• WHAT IS REQUIRED
Task for the records below: please retype exactly and only the lines from the first through the one with "Inside the cab, the", with every picture omitted.

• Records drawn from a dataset
###

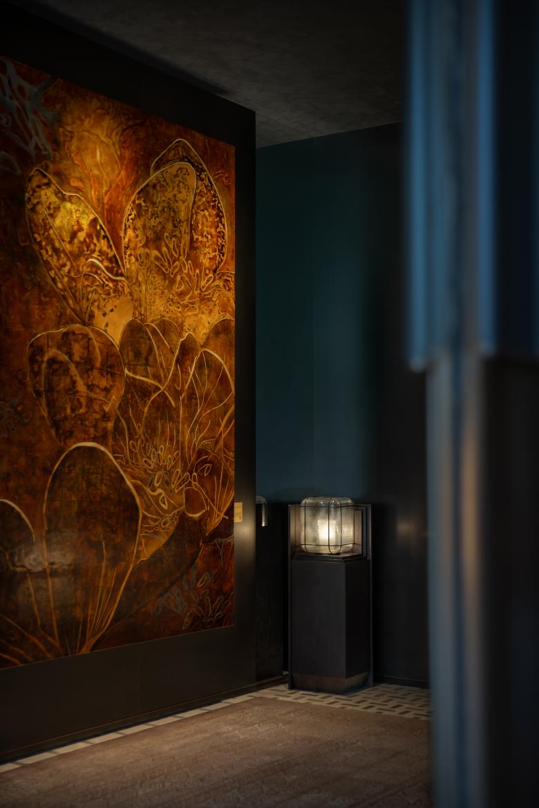 Upon entering the foyer, a striking three-meter-high lacquer painting captures the attention, crafted over six months by skilled artisans. This piece, inspired by Shanghai's city flower, the magnolia, narrates the passage of time with its weathered surface, echoing the city's rich cultural heritage.
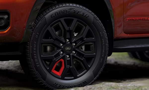 Bánh xe hợp kim 20 inch độc đáoFord Ranger Stormtrak được trang bị mâm hợp kim Asphalt Black 20 inch sơn mờ, một nan màu đỏ tươi và 5 nan màu đen bóng. |
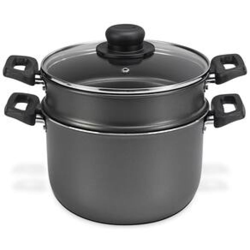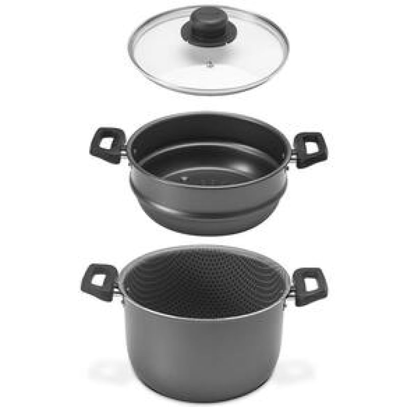 Cozi Vapor/ Cuscuzeira Multiflon em Alumínio com Revestimento Antiaderente 7 Camadas, Tampa de Vidro Temperado e Alças em Baquelite 20 cm - Grafite REF: 7896398320836
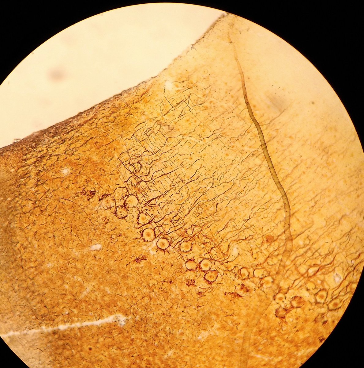Maravillas que me encuentro al mirar un preparado histológico de principios del s.XX (sección de cerebro teñida con una técnica similar a la impregnación argéntica, que desarrolló
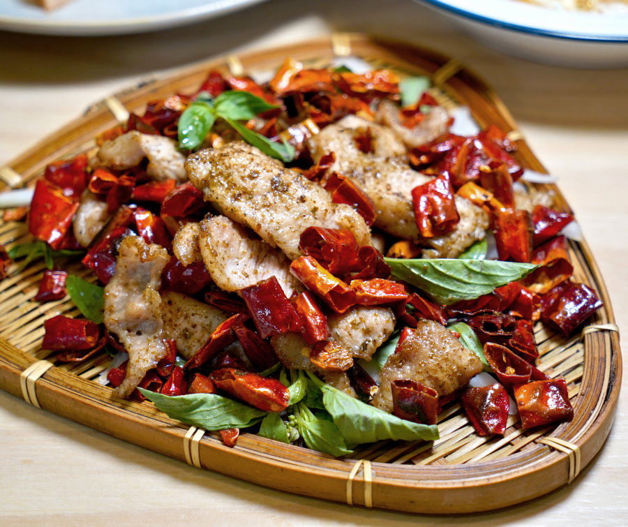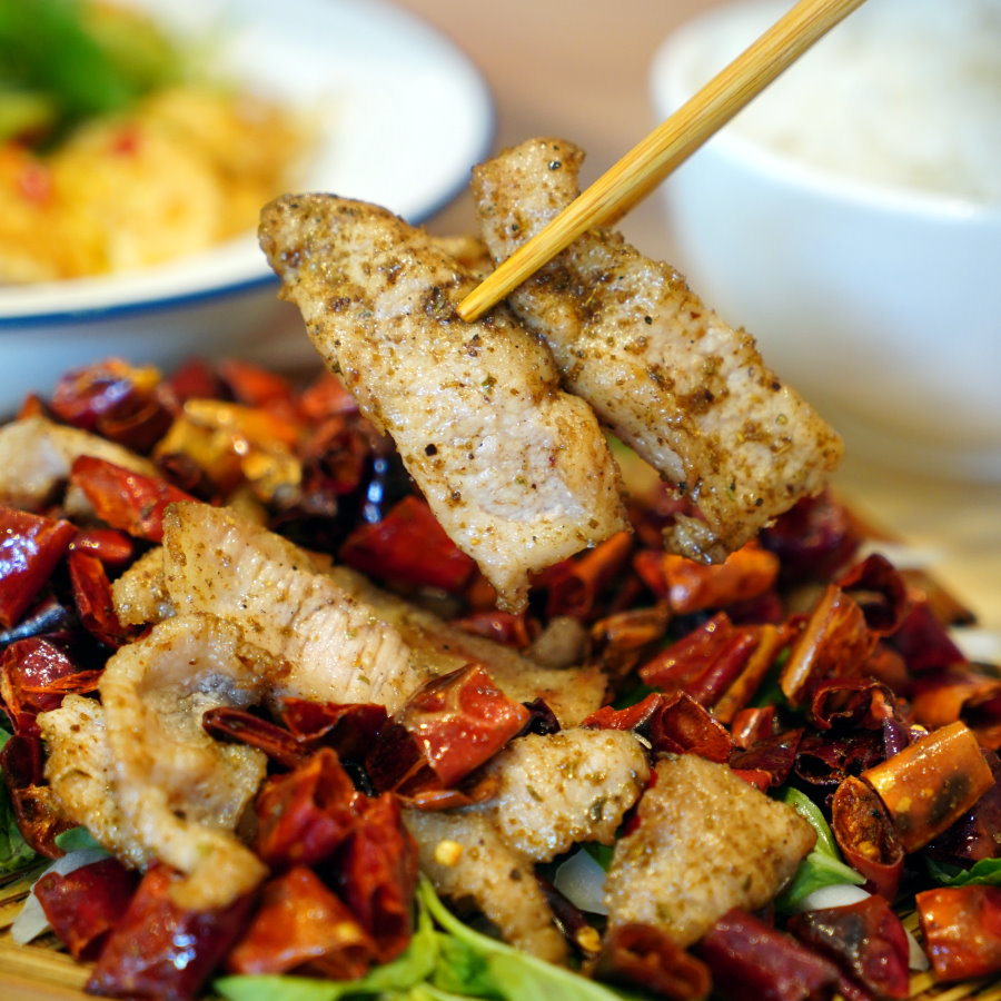 ▼乾辣椒其實是裝飾品,看似放很多但其實沒什麼辣度,松阪豬吃起來脆彈又帶點Q勁,搭配孜然香氣整個好銷魂,迷人的鹹香滋味果真是白飯的好朋友!
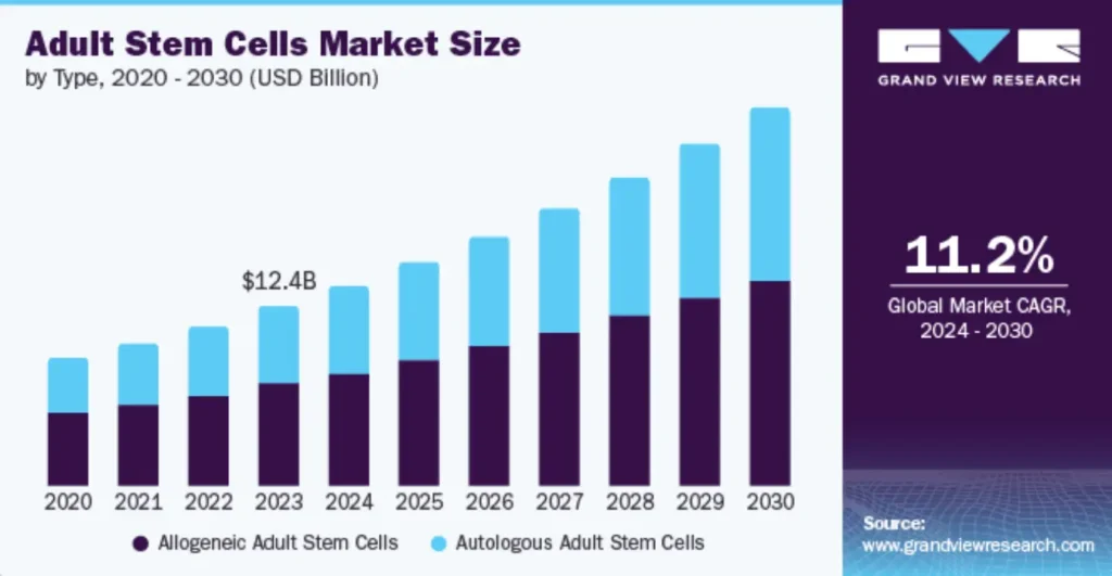 The adult stem cells market is projected to reach $12.4 billion by 2023, with steady growth to 2030 at a CAGR of 11.2%. This trend highlights the increasing demand for regenerative medicine solutions like those offered by Chiron Therapeutics.
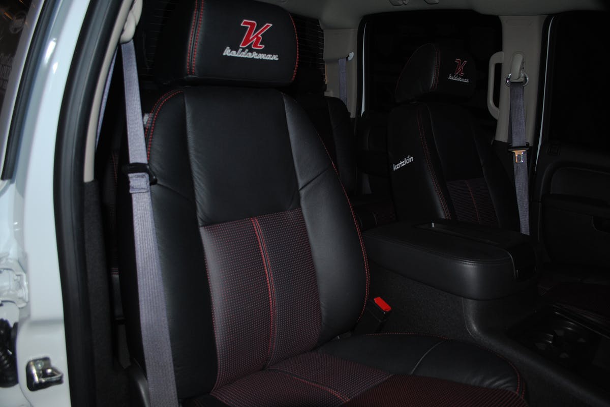 Inside the cab, the seats were reskinned with black Katzkin leather with red accents, providing ample comfort to everyone along for the ride. The stock sound-dampening material was ripped out and replaced with Dynamat material, adding to the level of ease while driving.
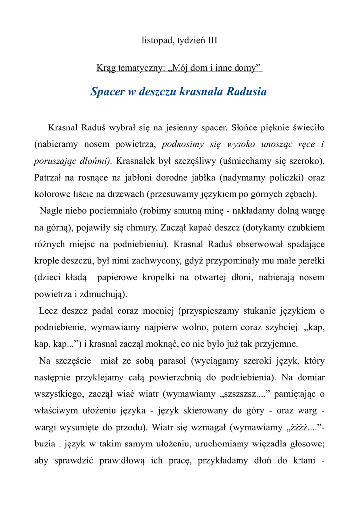 listopad, tydzień III Krąg tematyczny: „Mój dom i inne domy” Spacer w deszczu krasnala Radusia Krasnal Raduś wybrał się na jesienny spacer. Słońce pięknie świeciło (nabieramy nosem powietrza, podnosimy się wysoko unosząc ręce i poruszając dłońmi). Krasnalek był szczęśliwy (uśmiechamy się szeroko). Patrzał na rosnące na jabłoni dorodne jabłka (nadymamy policzki) oraz kolorowe liście na drzewach (przesuwamy językiem po górnych zębach). Nagle niebo pociemniało (robimy smutną minę - nakładamy dolną wargę na górną), pojawiły się chmury. Zaczął kapać deszcz (dotykamy czubkiem różnych miejsc na podniebieniu). Krasnal Raduś obserwował spadające krople deszczu, był nimi zachwycony, gdyż przypominały mu małe perełki (dzieci kładą papierowe kropelki na otwartej dłoni, nabierają nosem powietrza i zdmuchują). Lecz deszcz padal coraz mocniej (przyspieszamy stukanie językiem o podniebienie, wymawiamy najpierw wolno, potem coraz szybciej: „kap, kap, kap...”) i krasnal zaczął moknąć, co nie było już tak przyjemne. Na szczęście miał ze sobą parasol (wyciągamy szeroki język, który następnie przyklejamy całą powierzchnią do podniebienia). Na domiar wszystkiego, zaczął wiać wiatr (wymawiamy „szszszsz....” pamiętając o właściwym ułożeniu języka - język skierowany do góry - oraz warg wargi wysunięte do przodu). Wiatr się wzmagał (wymawiamy „żżżż....”buzia i język w takim samym ułożeniu, uruchomiamy więzadła głosowe; aby sprawdzić prawidłową ich pracę, przykładamy dłoń do krtani - wyczuwamy drgania). Wiatr raz cichnął (wymawiamy „szszsz....”), to znosu się wzmagał (wymawiamy „żżżż....”). Trzymamy przyłożoną otwartą dłoń do krtani - zauważany różnicę : podczas wymawiania głoski ż wyczuwamy drgania, podczas głoski sz - krtań pozostaje nieruchoma). Krasnal Raduś zaczął biec (wymawiamy tup, tup, tup....), co jakiś czas wpadając do kałuży (wymawiamy chlap, chlap, chlap...). Kiedy wrócił do domu, był cały przemoczony (parskamy wargami, wymawiamy brrr). Niestety, nabawił się kataru (nabieramy nosem powietrza i wymawiamy „a- psik!”).
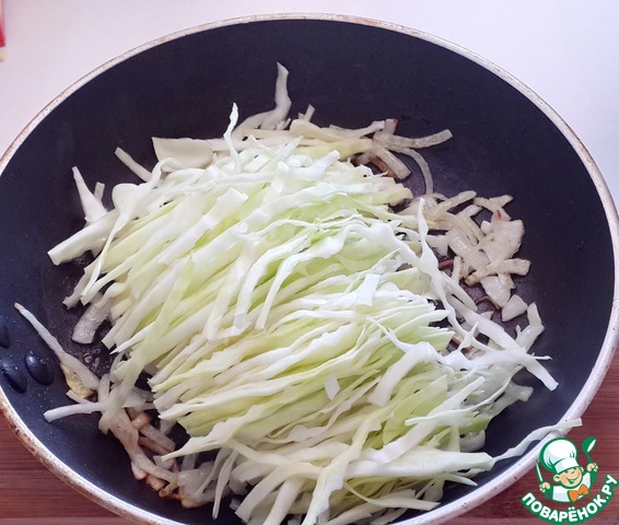 Добавьте нарезанную молодую капусту и обжарьте всё вместе около 15 минут, добавьте соль по вкусу.

###

• TASK ANSWER
 Upon entering the foyer, a striking three-meter-high lacquer painting captures the attention, crafted over six months by skilled artisans. This piece, inspired by Shanghai's city flower, the magnolia, narrates the passage of time with its weathered surface, echoing the city's rich cultural heritage.
 Bánh xe hợp kim 20 inch độc đáoFord Ranger Stormtrak được trang bị mâm hợp kim Asphalt Black 20 inch sơn mờ, một nan màu đỏ tươi và 5 nan màu đen bóng. |
 Cozi Vapor/ Cuscuzeira Multiflon em Alumínio com Revestimento Antiaderente 7 Camadas, Tampa de Vidro Temperado e Alças em Baquelite 20 cm - Grafite REF: 7896398320836
Maravillas que me encuentro al mirar un preparado histológico de principios del s.XX (sección de cerebro teñida con una técnica similar a la impregnación argéntica, que desarrolló
 ▼乾辣椒其實是裝飾品,看似放很多但其實沒什麼辣度,松阪豬吃起來脆彈又帶點Q勁,搭配孜然香氣整個好銷魂,迷人的鹹香滋味果真是白飯的好朋友!
 The adult stem cells market is projected to reach $12.4 billion by 2023, with steady growth to 2030 at a CAGR of 11.2%. This trend highlights the increasing demand for regenerative medicine solutions like those offered by Chiron Therapeutics.
 Inside the cab, the seats were reskinned with black Katzkin leather with red accents, providing ample comfort to everyone along for the ride. The stock sound-dampening material was ripped out and replaced with Dynamat material, adding to the level of ease while driving.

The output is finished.